Before getting into the main topic of today's Blog, a quick note on the silver action of the past week; After what appeared to be a bounce off the support level of 12.50, silver looked poised to rally, then it collapsed. What happened?

I don't know for certain, however it looks to be a failed attempt of the short sellers to bring down the price. I'll know more this week as the details unfold.

The interesting thing here is the action of silver after the close in New York on the 18th. After it tumbled during the day, it shot up, as the overseas markets took control. Which leads me to believe that there are some short sellers here in America that are having an Imodium AD moment.

The "gap up" in price tells me that the rest of the world thinks that silver below 12 bucks is too cheap. I agree. Personally I think silver below 50 is too cheap, but only time will tell. Depending on what happens this week, I may do a mid week post, so keep an eye out.

On to our main topic.

KMP and CHK.

Kinder Morgan Energy Partners and Chesapeake Energy Corp.

Here's how these two companies fit into the macro picture.
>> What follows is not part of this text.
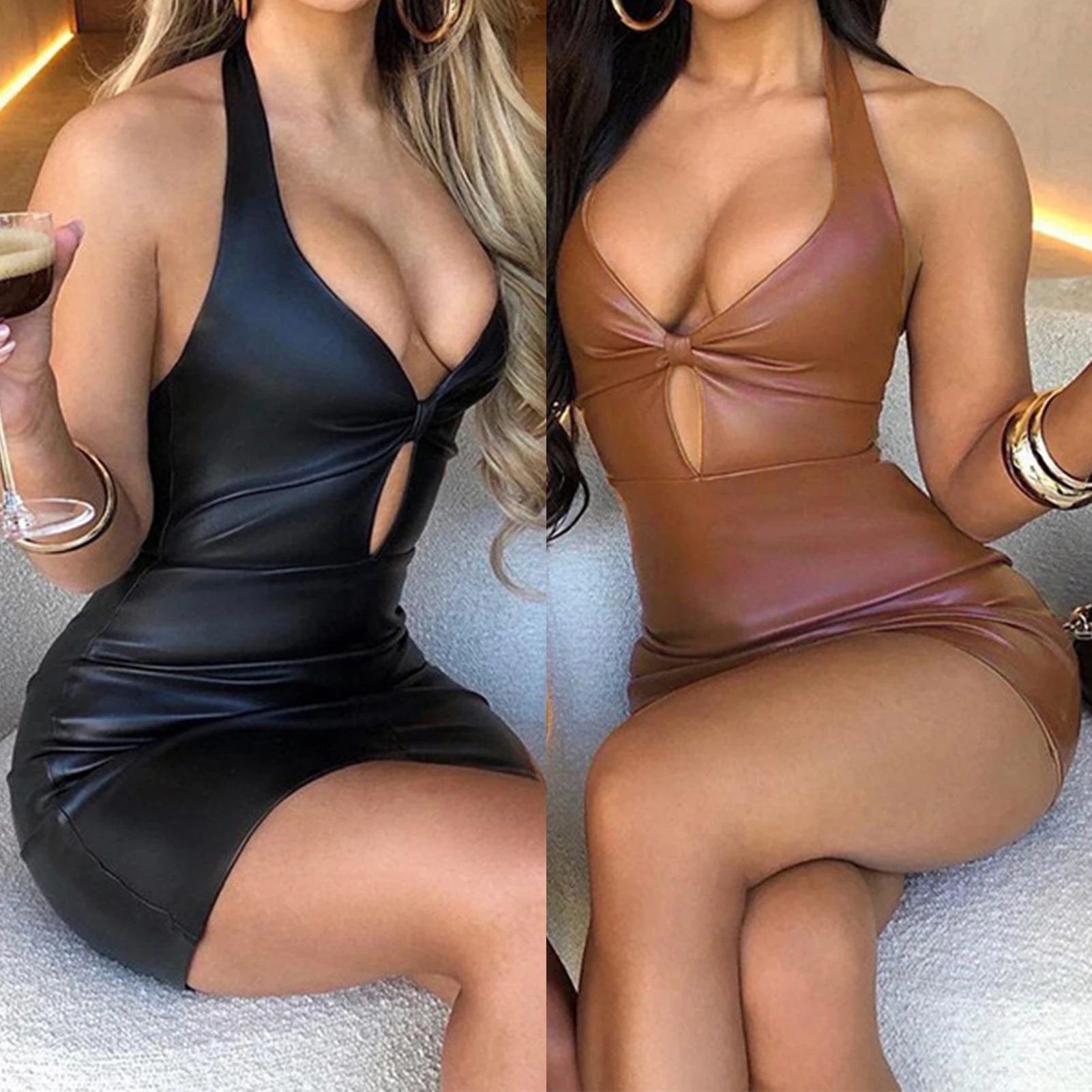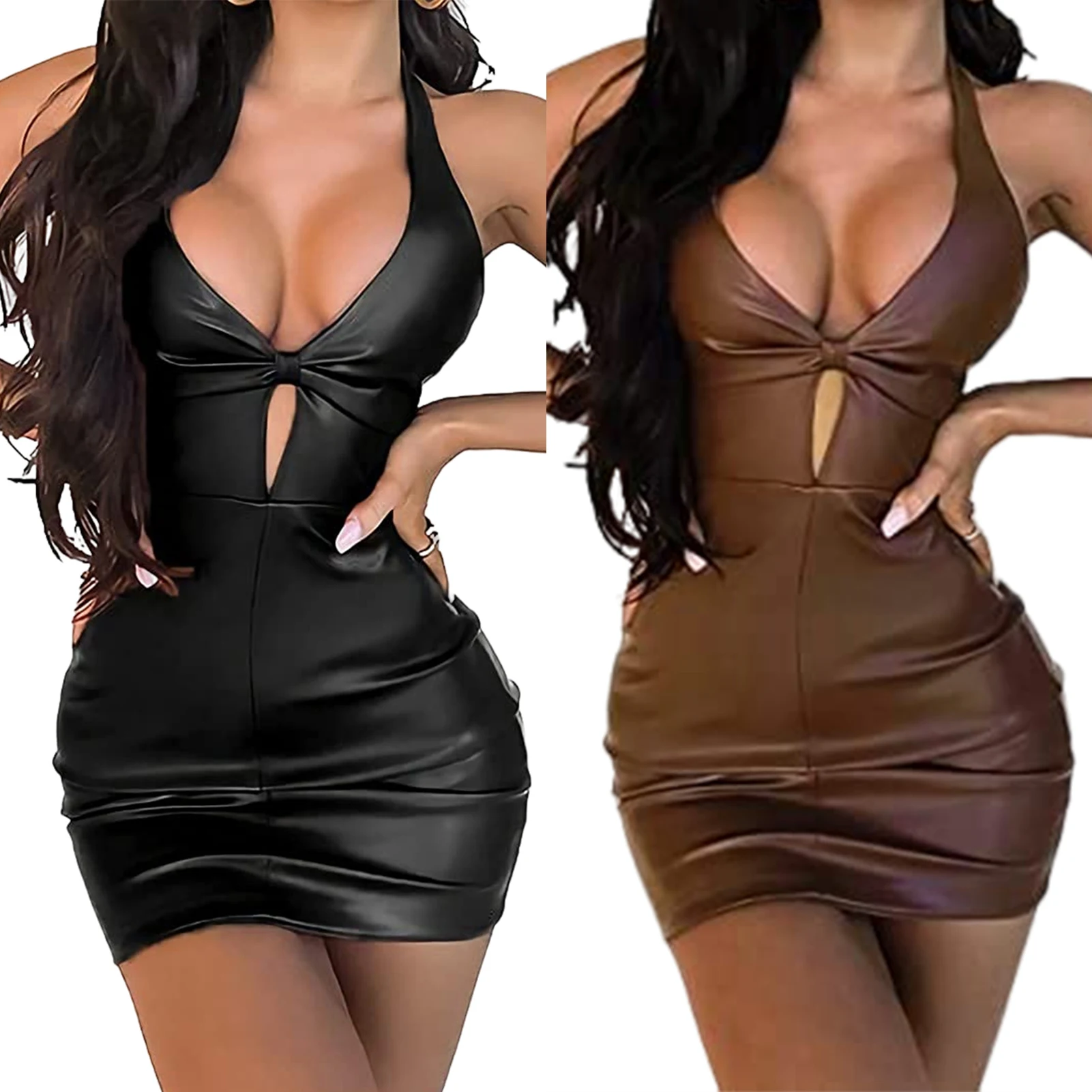 Sleeveless Slim Dress Soft Comfortable Low Cut Leather Dress Fashion Style Mini Bodycon Hot Dress for Party for Night Club
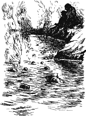 Они окружают охотников, продолжая кричать и прыгать, и все вместе идут к костру посреди селения. Помы сразу принимаются обдирать мо-ка и теп-тепа своими кремневыми ножами, а чунги-охотники идут к реке напиться. Они останавливаются на своем берегу и устремляют взгляд на противоположный. Давно уже привлекает их этот берег, очень давно. Может быть, там охота богаче, плоды вкуснее… Но как перебраться через реку, если она такая широкая и глубокая? Нужно было бы иметь крылья, как у кри-ри…

We all witnessed the collapse of the financial sector, and how this took out many people that didn't deserve to get hit. Chesapeake was no different. In fact the CEO of this company literally put his money where his mouth was and was buying massive quantities of his own stock. He, as did many others, misjudged the severity of this downturn and as a result, got called on margin and lost a ton of his personal wealth. What he saw in his company was value, intrinsic and substantial value. They are a natural gas company with first rate drilling and transportation operations. I've been watching this company for years and the thing that attracted me to them in the beginning was the insider trading activity. Some people believe insider trading is illegal, it's not. It just has to be done under close scrutiny by the SEC and in the full light of day. The thing that flagged CHK for me was the fact that all the top people in this company were buying the shares for their personal portfolios, consistently. This is what you look for under normal market conditions, which we are decidedly not seeing right now. But the fact remains that the people in the best position to see the condition of a company, thought pretty highly of CHK before everything tanked. Now if you are of the opinion that a recovery will come some day, as am I, then we want to buy the stuff that is on sale right now and has real tangible value. A look at their chart(which I encourage you to with all stocks) shows that they have stabilised in the 15 to 20 dollar range. As a trader, I'm a buyer in the 15 dollar range and a seller at 20, but for you buy and holders, this is a great one at 15 bucks. I see some great basing action here folks and that just means that they've consolidated nicely. In addition to that, I believe the price of Nat gas is unusually low and as the price climbs, as I think it eventually will, their P/E ratio of 15.5 should plummet, making this company a steal at $15, but if I wanted a long term play, I still think it's a buy under 20. Oh yeah, their 52 week high was $74, cool huh?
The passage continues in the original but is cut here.